## Task:
Please keep pictures out of the copy, and print exactly the lines from the one containing "刺身盛合わせ 一四五〇円より げそ唐揚げ" through the end of the records.

Stored records

== Segment start ==

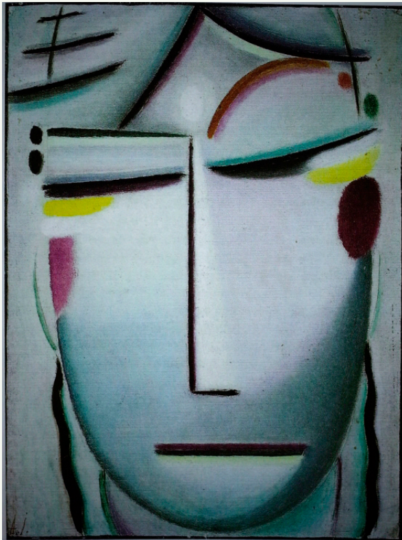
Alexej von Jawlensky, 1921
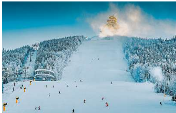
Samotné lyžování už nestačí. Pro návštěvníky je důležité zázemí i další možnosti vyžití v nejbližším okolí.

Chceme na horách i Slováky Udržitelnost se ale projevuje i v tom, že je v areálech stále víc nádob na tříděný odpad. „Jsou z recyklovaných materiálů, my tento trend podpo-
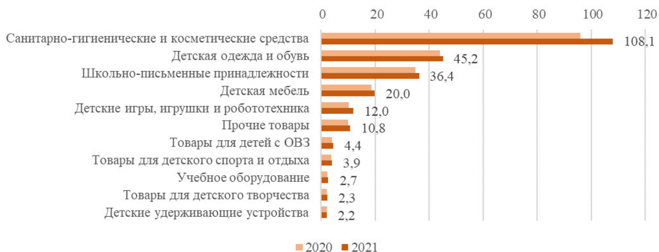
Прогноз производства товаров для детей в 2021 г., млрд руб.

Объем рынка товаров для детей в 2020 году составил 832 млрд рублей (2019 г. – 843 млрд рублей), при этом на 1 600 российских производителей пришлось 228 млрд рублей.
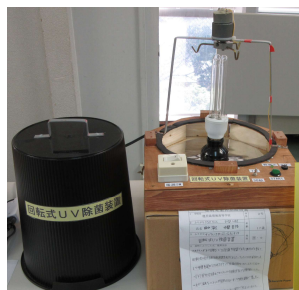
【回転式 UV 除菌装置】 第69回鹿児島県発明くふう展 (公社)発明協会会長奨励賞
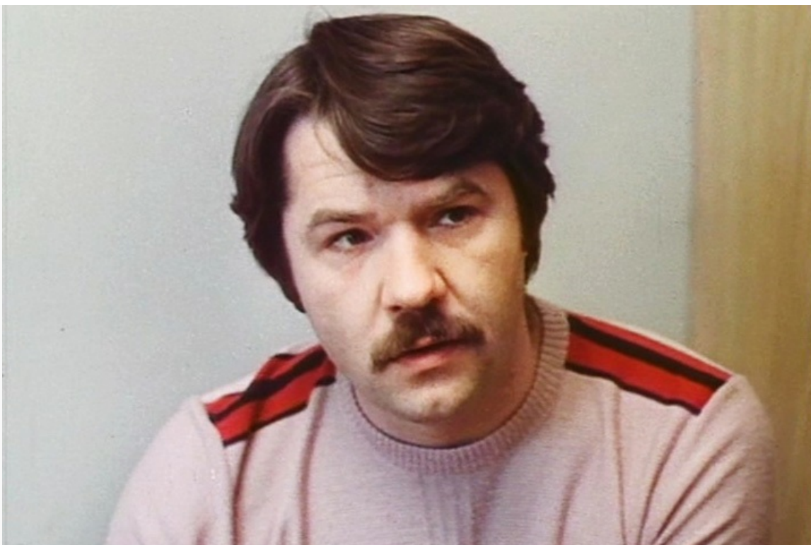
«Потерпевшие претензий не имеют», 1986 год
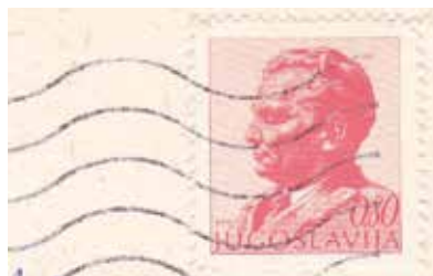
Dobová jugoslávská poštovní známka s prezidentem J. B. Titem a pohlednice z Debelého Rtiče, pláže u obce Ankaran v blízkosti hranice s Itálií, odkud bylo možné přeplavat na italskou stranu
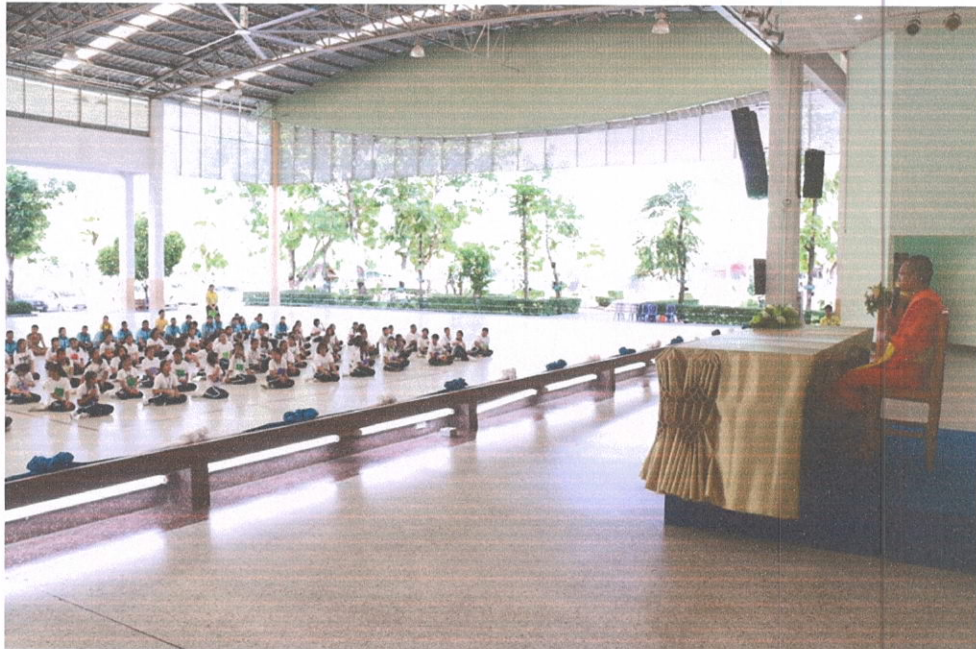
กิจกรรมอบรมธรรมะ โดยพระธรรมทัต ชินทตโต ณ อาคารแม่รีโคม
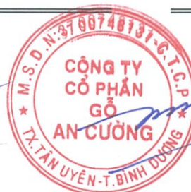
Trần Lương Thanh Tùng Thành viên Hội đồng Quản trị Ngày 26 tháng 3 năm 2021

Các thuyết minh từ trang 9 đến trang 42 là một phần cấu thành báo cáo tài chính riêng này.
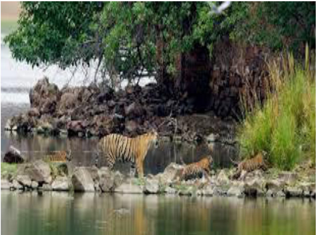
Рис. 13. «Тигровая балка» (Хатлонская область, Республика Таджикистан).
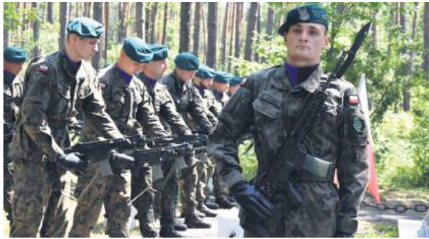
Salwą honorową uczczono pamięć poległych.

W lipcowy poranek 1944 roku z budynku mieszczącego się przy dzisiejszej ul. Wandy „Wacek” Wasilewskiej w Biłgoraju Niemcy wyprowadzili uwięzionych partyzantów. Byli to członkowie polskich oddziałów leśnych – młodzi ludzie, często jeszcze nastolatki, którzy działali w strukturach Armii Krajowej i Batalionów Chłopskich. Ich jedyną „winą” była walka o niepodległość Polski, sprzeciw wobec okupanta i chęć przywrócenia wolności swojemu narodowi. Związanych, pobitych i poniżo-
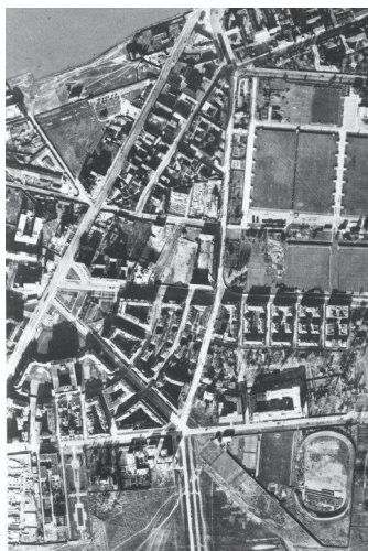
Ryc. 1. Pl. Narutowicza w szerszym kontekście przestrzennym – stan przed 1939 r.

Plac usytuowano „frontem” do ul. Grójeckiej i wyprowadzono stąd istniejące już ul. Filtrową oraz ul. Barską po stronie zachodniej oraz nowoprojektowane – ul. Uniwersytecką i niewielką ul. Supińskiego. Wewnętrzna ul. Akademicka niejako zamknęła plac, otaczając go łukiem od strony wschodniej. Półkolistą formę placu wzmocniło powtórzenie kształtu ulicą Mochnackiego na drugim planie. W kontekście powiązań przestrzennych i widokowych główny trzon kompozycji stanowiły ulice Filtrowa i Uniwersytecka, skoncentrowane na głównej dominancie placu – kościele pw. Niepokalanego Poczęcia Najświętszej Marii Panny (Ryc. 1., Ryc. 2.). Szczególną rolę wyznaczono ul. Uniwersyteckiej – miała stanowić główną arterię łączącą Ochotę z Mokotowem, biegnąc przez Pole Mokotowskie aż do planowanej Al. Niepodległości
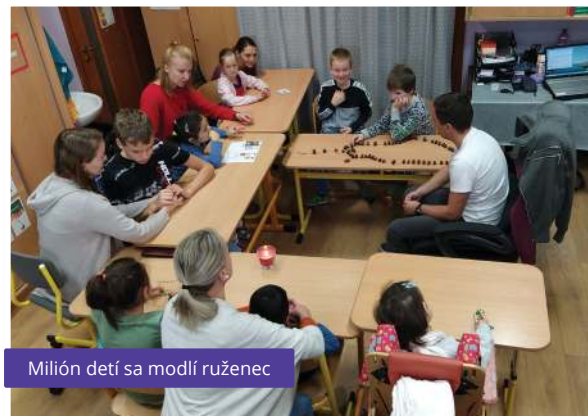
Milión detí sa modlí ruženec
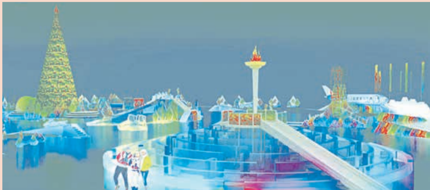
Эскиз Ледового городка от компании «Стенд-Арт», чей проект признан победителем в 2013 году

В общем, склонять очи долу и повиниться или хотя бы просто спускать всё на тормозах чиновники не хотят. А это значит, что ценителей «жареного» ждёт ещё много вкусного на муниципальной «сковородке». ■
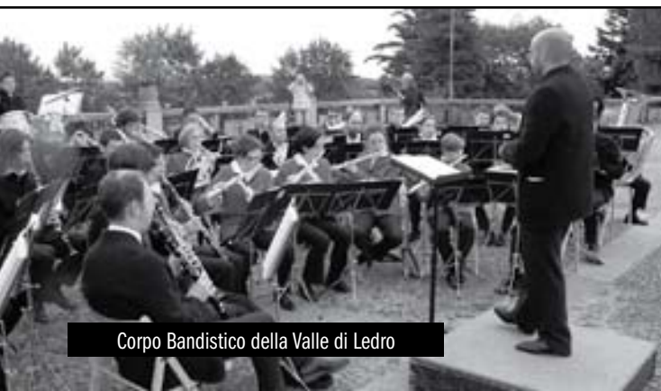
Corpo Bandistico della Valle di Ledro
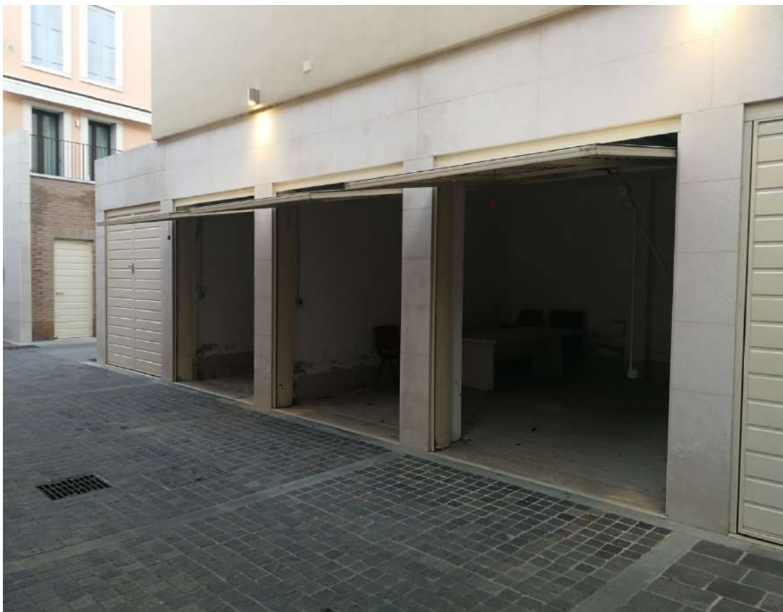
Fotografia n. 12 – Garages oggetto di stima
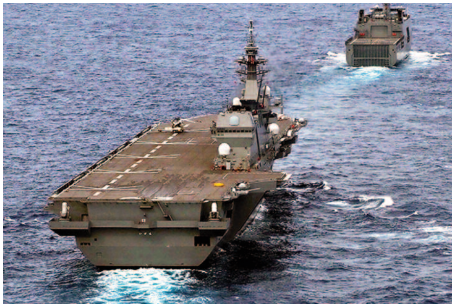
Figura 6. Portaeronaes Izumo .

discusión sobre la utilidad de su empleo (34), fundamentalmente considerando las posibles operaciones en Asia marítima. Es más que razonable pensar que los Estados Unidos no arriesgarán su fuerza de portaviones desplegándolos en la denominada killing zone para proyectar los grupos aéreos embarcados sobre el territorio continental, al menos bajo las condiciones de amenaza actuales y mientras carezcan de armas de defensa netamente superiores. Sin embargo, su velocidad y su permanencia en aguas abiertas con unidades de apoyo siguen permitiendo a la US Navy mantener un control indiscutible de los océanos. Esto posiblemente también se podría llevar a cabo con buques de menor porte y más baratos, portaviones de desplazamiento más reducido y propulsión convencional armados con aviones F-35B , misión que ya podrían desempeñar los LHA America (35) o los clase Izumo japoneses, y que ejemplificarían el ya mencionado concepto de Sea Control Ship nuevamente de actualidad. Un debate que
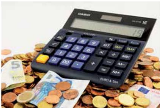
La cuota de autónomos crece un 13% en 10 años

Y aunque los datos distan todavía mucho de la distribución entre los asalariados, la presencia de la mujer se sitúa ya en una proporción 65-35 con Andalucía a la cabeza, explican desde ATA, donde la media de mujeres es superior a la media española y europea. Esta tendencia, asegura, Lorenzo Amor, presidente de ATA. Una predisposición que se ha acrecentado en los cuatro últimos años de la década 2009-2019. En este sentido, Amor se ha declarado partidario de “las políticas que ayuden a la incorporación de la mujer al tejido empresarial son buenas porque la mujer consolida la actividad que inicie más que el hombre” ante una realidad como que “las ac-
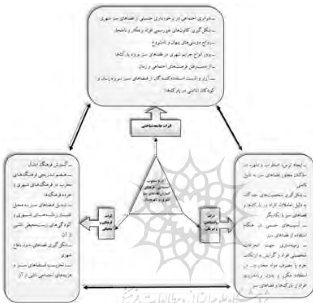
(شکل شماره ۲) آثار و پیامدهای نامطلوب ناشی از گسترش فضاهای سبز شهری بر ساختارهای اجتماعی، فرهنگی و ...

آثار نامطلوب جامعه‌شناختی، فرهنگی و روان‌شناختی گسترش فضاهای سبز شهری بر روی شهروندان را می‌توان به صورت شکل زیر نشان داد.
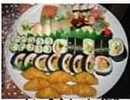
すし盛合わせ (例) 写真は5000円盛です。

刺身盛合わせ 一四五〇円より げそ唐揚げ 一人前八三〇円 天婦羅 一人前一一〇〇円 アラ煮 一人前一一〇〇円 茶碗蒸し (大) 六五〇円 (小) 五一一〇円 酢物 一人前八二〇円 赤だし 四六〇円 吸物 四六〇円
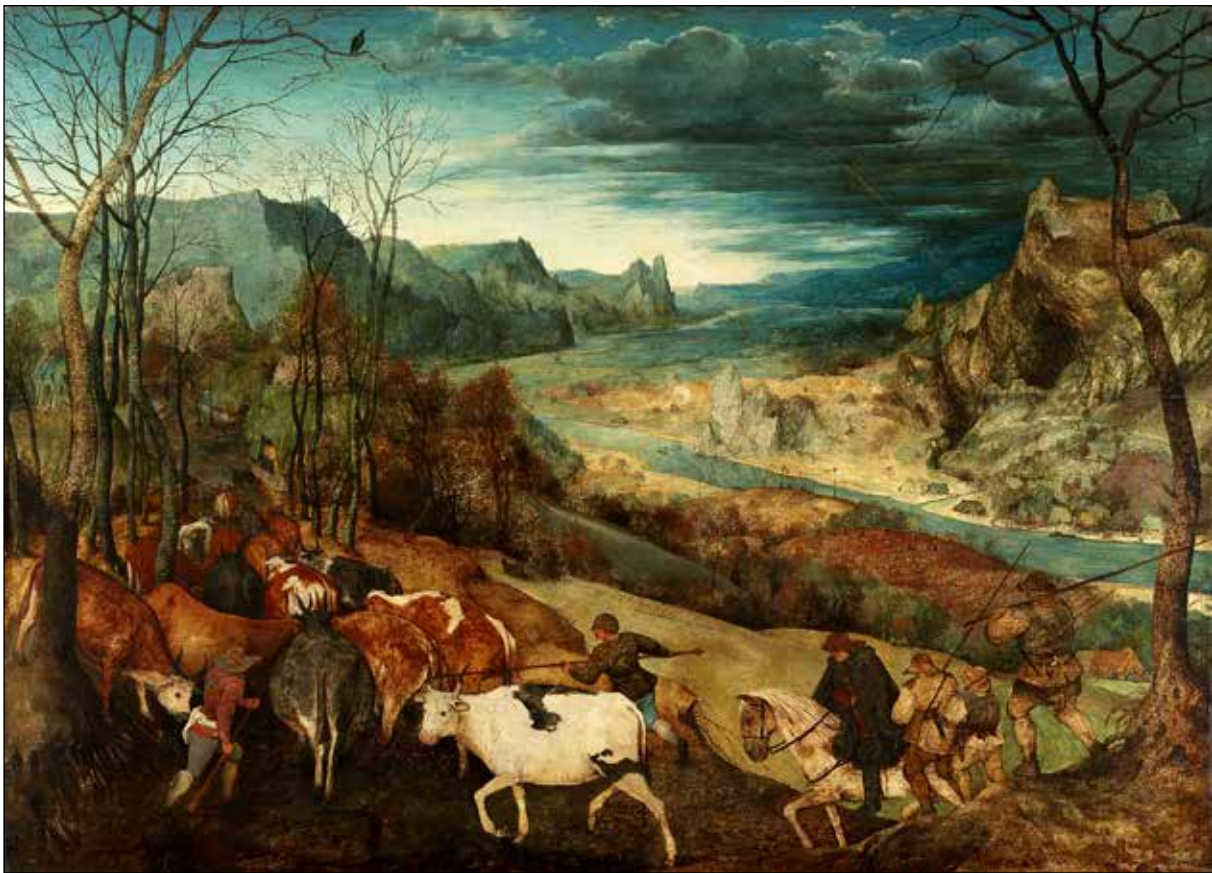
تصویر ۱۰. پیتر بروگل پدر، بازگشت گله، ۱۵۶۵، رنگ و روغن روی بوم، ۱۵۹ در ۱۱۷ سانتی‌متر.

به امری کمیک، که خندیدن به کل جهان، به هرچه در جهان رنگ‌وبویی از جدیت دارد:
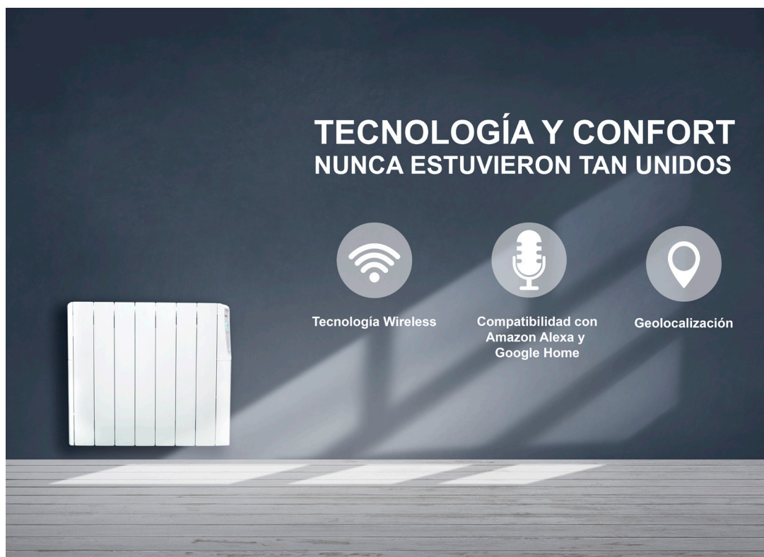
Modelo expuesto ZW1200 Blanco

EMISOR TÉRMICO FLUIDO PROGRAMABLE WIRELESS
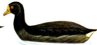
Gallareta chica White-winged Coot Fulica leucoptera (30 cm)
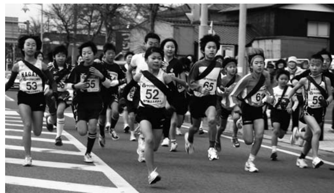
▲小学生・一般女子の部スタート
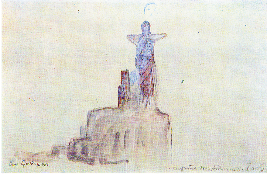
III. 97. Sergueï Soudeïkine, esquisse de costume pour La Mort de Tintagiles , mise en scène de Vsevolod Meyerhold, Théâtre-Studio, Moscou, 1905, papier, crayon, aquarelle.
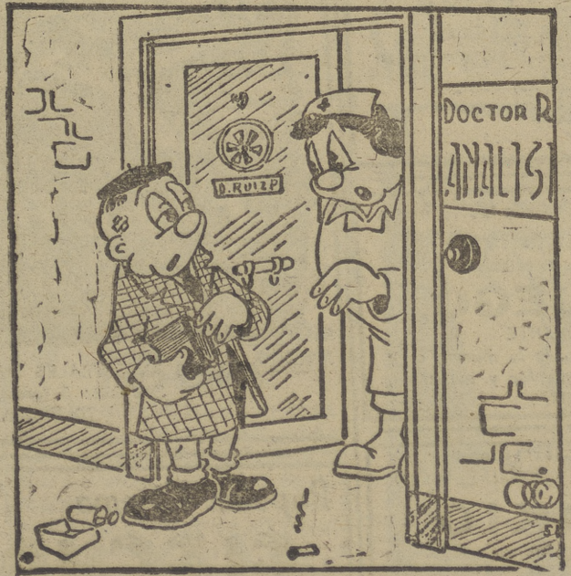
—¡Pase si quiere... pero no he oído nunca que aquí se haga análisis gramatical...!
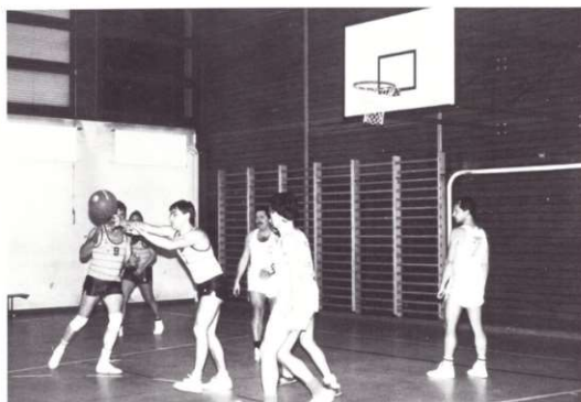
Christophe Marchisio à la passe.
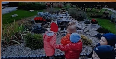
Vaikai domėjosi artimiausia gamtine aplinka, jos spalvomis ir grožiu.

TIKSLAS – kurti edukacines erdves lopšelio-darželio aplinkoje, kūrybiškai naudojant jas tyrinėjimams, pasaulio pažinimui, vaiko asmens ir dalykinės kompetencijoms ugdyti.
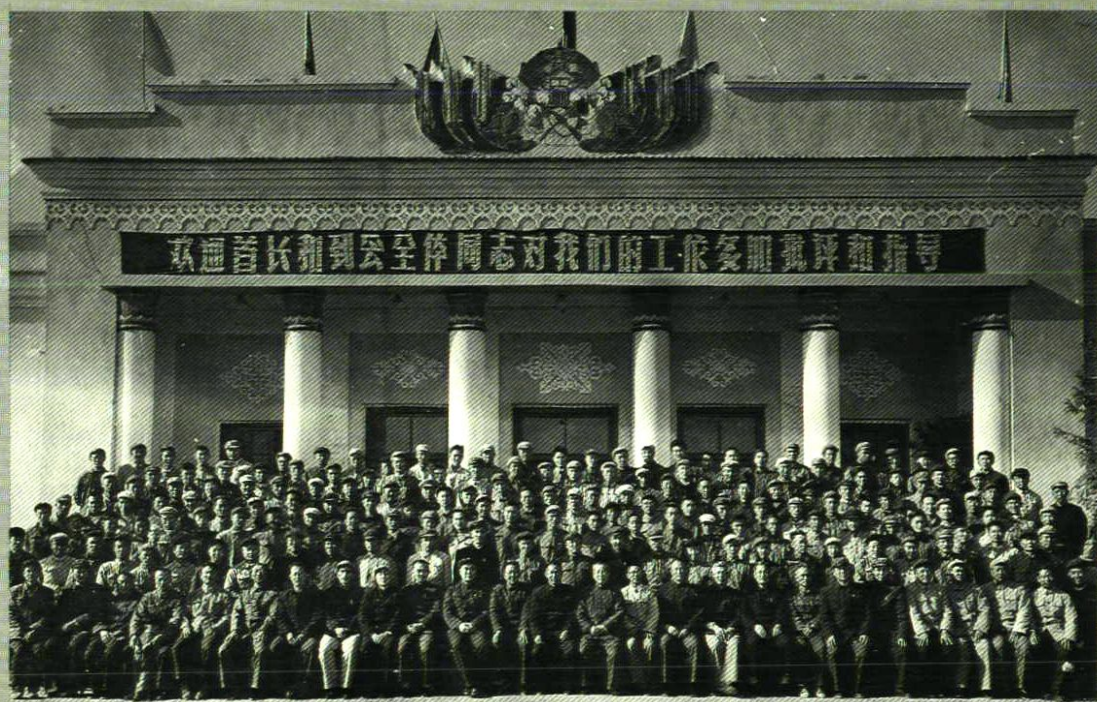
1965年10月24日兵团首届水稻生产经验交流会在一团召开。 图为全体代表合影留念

== Segment end ==

## Reply to the task:
刺身盛合わせ 一四五〇円より げそ唐揚げ 一人前八三〇円 天婦羅 一人前一一〇〇円 アラ煮 一人前一一〇〇円 茶碗蒸し (大) 六五〇円 (小) 五一一〇円 酢物 一人前八二〇円 赤だし 四六〇円 吸物 四六〇円
تصویر ۱۰. پیتر بروگل پدر، بازگشت گله، ۱۵۶۵، رنگ و روغن روی بوم، ۱۵۹ در ۱۱۷ سانتی‌متر.

به امری کمیک، که خندیدن به کل جهان، به هرچه در جهان رنگ‌وبویی از جدیت دارد:
Modelo expuesto ZW1200 Blanco

EMISOR TÉRMICO FLUIDO PROGRAMABLE WIRELESS
Gallareta chica White-winged Coot Fulica leucoptera (30 cm)
▲小学生・一般女子の部スタート
III. 97. Sergueï Soudeïkine, esquisse de costume pour La Mort de Tintagiles , mise en scène de Vsevolod Meyerhold, Théâtre-Studio, Moscou, 1905, papier, crayon, aquarelle.
—¡Pase si quiere... pero no he oído nunca que aquí se haga análisis gramatical...!
Christophe Marchisio à la passe.
Vaikai domėjosi artimiausia gamtine aplinka, jos spalvomis ir grožiu.

TIKSLAS – kurti edukacines erdves lopšelio-darželio aplinkoje, kūrybiškai naudojant jas tyrinėjimams, pasaulio pažinimui, vaiko asmens ir dalykinės kompetencijoms ugdyti.
1965年10月24日兵团首届水稻生产经验交流会在一团召开。 图为全体代表合影留念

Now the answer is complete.